I'm rather new to PEGs, having only experienced them briefly in Lua.
Following are some questions as I try to adapt my thinking to their
ways.
Let's assume that I'm trying to parse the following (wiki) markup:
-_-_-_-_-_-_-_-_-_-_-_-_-_-_-_-_-_-_-_-_-_-_-_
= Welcome! =
Hello world! This is a **single paragraph**
that **wraps over //two//** physical lines.

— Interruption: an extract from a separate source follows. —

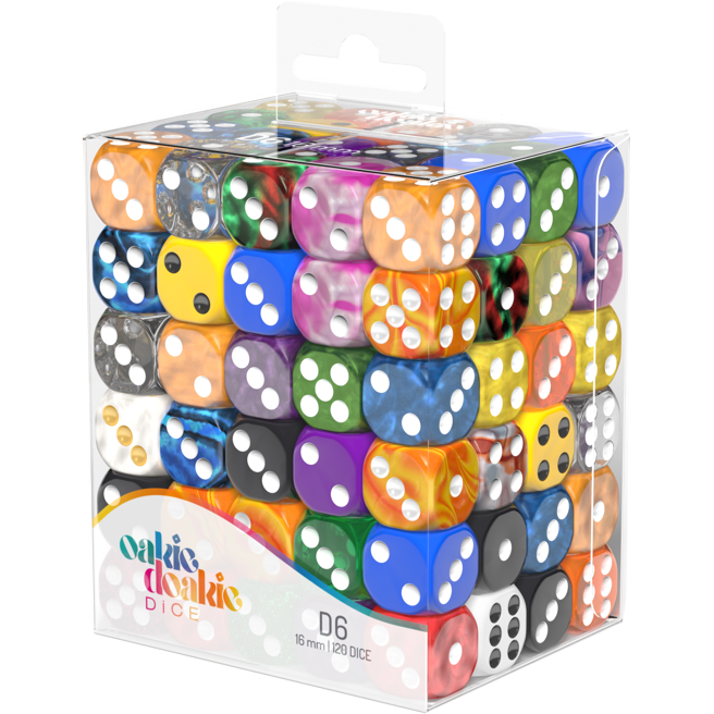 The D6 (16 mm) Retail Pack contains 120 x D6 (16 mm) dice. They come in the following styles: Speckled, Marble, Translucent, Solid and Gemidice.

This is a second paragraph. All on one line.
== A Table Example ==
|| **Head1** || **Head2** ||
|| row1col1 || row1col2 ||
|| r2c1 || //r2c2// ||
This is the last paragraph. There is no newline
after this final period.
-_-_-_-_-_-_-_-_-_-_-_-_-_-_-_-_-_-_-_-_-_-_-_
I'm trying to convert it to this (HTML):
-_-_-_-_-_-_-_-_-_-_-_-_-_-_-_-_-_-_-_-_-_-_-_
<h1>Welcome!</h1>
<p>Hello world! This is a <strong>single paragraph</strong>
that <strong>wraps over <em>two</em></strong> physical lines.</p>
<p>This is a second paragraph. All on one line.</p>
<h2>A Table Example</h2>
<table>
<tr>
<td><strong>Head1</strong></td>
<td><strong>Head2</strong></td>
</tr>
<tr>
<td>row1col1</td>
<td>row1col2</td>
</tr>
<tr>
<td>r2c1</td>
<td><em>r2c2</em></td>
</tr>
</table>
<p>This is the last paragraph. There is no newline
after this final period.</p>
-_-_-_-_-_-_-_-_-_-_-_-_-_-_-_-_-_-_-_-_-_-_-_
Three questions (in particular, of many) jump out at me:
LINE ANCHORING
In the above, there is 'block' content, and 'inline' content. Headers,
paragraphs, and tables are block level items. Among other things, this
means that their markup is only valid at the start of a line. For
example, a line that started " = Hi =" would not constitute a valid
header. In Regexp land, this would be handled simply with a ^ anchor.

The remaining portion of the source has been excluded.